→ **What to produce**:
Starting at the line that contains "Daster Kekinian Terbaru", write out every line through the last one in the records below, word for word. Leave out any pictures.

→ **Recorded data**:
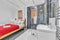 The room itself is located on the first floor and features a unique in-room, remote-control shower for added convenience. Adjacent to the room is a separate private toilet. In addition, there is a versatile extra room that can be used as a home office or cosy lounge.
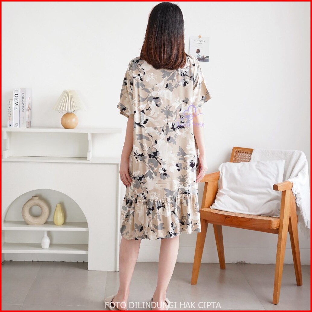 Daster Kekinian Terbaru Rayon Premium Cream Bunga
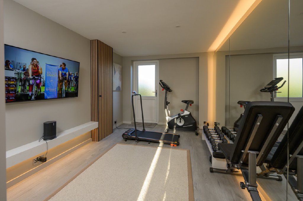 A well-appointed utility room with bespoke cabinetry and full plumbing leads through to the gym, which has been thoughtfully designed with underfloor heating, fitted storage with integrated freezer, wall mirrors, TV point, and a useful external door to the front of the property.
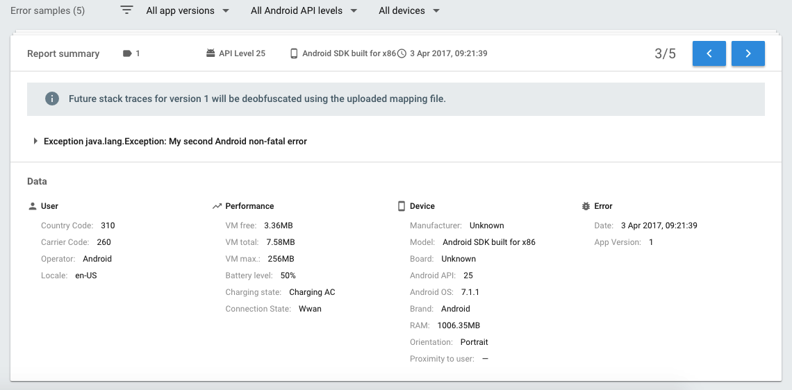 This screen also contains an ‘Error samples’ section where you’ll find the full stack trace, plus some very specific details about the smartphone or tablet where this error was recorded – right down to whether the device was connected to Wi-Fi at the time, and how much battery it had remaining.
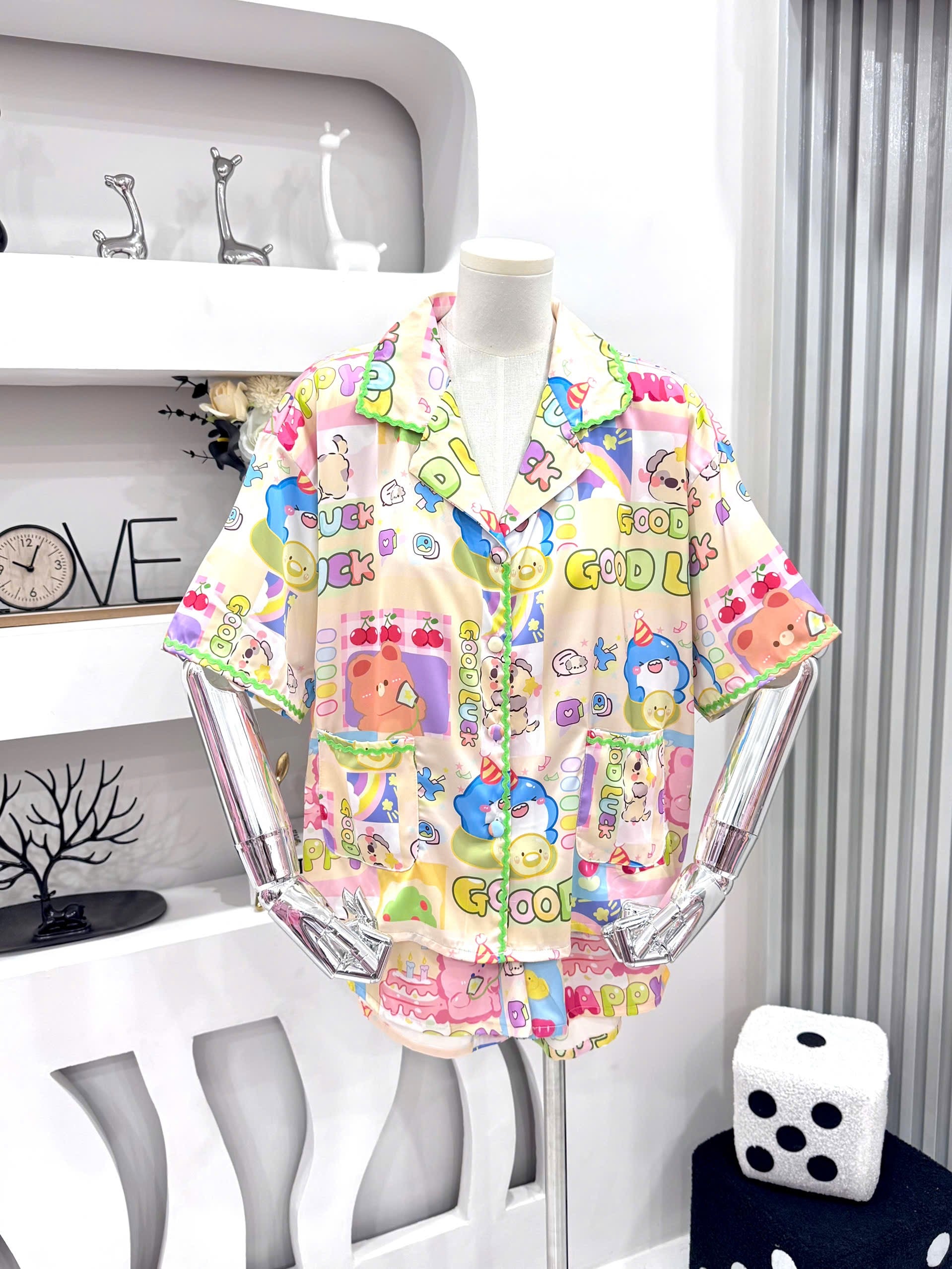 With a breezy button-up top and relaxed-fit shorts, it’s perfect for sleepovers, self-care nights, or just adding a little joy to your PJ drawer.

→ **Solution to the exercise**:
 Daster Kekinian Terbaru Rayon Premium Cream Bunga
 A well-appointed utility room with bespoke cabinetry and full plumbing leads through to the gym, which has been thoughtfully designed with underfloor heating, fitted storage with integrated freezer, wall mirrors, TV point, and a useful external door to the front of the property.
 This screen also contains an ‘Error samples’ section where you’ll find the full stack trace, plus some very specific details about the smartphone or tablet where this error was recorded – right down to whether the device was connected to Wi-Fi at the time, and how much battery it had remaining.
 With a breezy button-up top and relaxed-fit shorts, it’s perfect for sleepovers, self-care nights, or just adding a little joy to your PJ drawer.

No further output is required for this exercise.